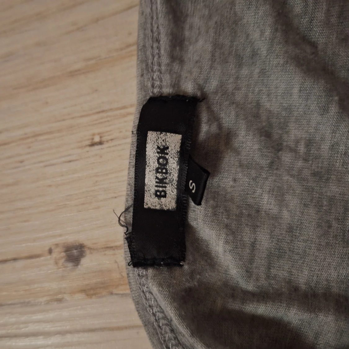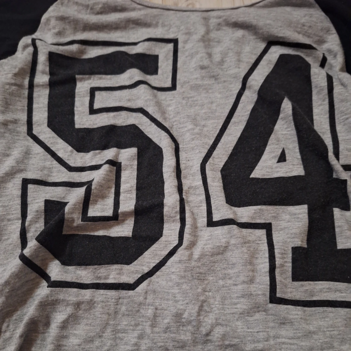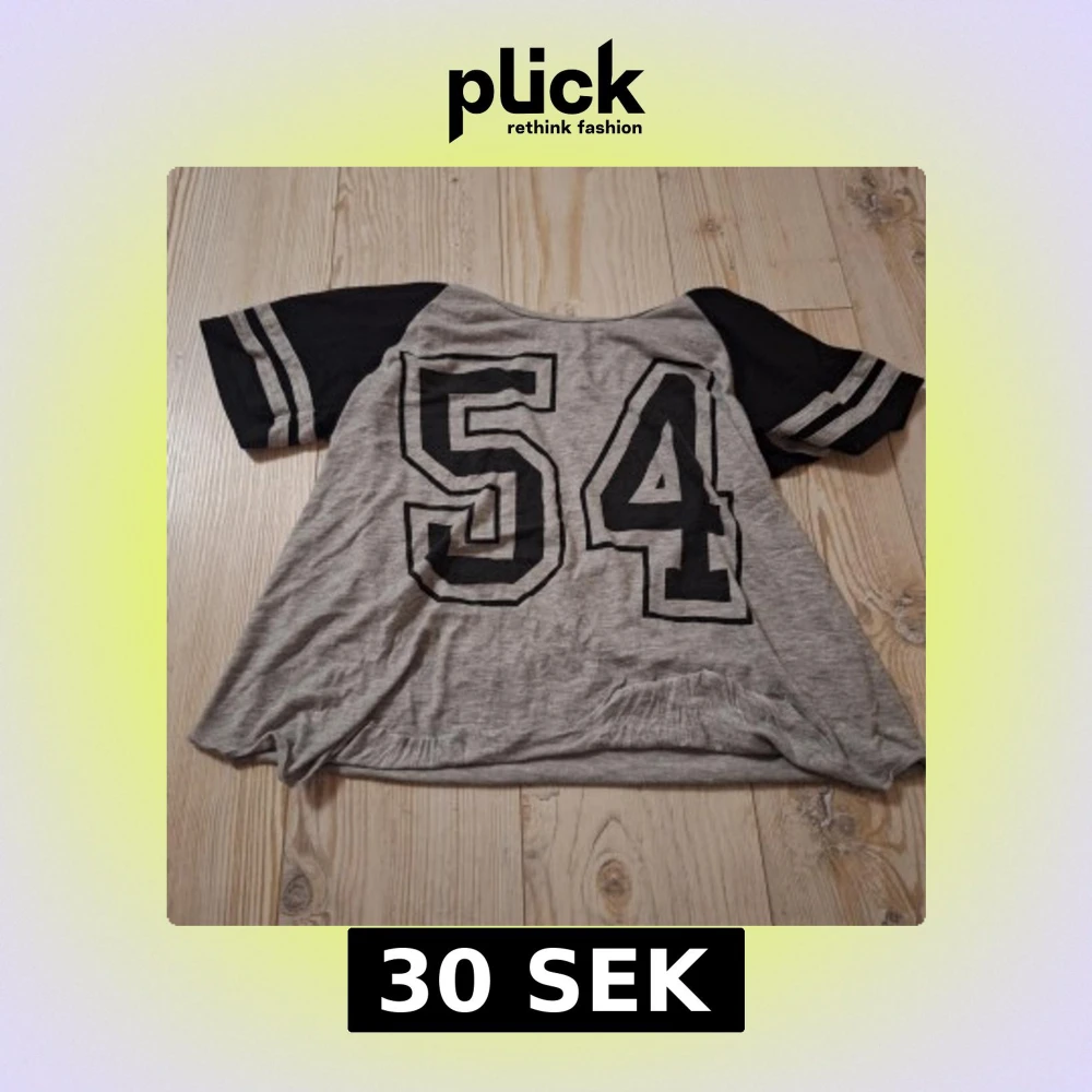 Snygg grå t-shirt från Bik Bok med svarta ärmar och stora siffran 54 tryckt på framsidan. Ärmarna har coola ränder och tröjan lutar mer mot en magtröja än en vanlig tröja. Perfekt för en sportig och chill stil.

________________________________________

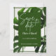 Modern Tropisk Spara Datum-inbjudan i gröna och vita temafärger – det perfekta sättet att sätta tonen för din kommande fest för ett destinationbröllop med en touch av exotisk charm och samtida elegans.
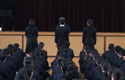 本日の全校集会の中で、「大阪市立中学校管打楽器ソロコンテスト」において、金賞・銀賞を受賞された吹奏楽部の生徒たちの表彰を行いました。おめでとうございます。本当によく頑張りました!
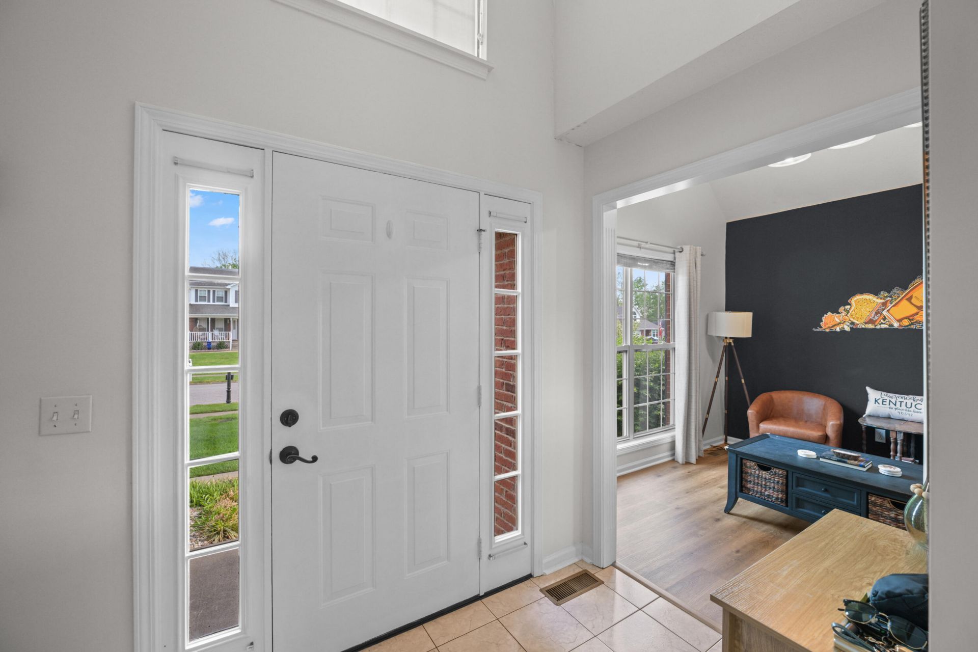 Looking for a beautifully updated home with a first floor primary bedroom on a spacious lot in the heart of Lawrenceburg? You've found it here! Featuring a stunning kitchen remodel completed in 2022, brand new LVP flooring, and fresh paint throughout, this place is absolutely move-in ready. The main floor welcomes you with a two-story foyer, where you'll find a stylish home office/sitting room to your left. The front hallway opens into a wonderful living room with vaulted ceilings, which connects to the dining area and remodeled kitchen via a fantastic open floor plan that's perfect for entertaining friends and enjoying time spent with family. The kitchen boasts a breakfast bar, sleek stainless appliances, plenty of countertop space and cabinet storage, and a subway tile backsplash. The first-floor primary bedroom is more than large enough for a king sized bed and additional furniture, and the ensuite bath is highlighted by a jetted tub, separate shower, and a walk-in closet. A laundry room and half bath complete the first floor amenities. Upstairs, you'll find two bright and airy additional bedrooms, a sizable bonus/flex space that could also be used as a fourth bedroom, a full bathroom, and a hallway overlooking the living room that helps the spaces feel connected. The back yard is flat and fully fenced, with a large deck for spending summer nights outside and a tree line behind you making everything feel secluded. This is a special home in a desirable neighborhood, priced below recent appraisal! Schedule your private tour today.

________________________________________

## WORK REQUEST:
Look above for the line with "Modern Tropisk Spara" and the line with "本日の全校集会の中で、「大阪", then restate exactly those two lines and all lines between them, with no pictures.

## RESPONSE TO THIS EXERCISE:
 Modern Tropisk Spara Datum-inbjudan i gröna och vita temafärger – det perfekta sättet att sätta tonen för din kommande fest för ett destinationbröllop med en touch av exotisk charm och samtida elegans.
 本日の全校集会の中で、「大阪市立中学校管打楽器ソロコンテスト」において、金賞・銀賞を受賞された吹奏楽部の生徒たちの表彰を行いました。おめでとうございます。本当によく頑張りました!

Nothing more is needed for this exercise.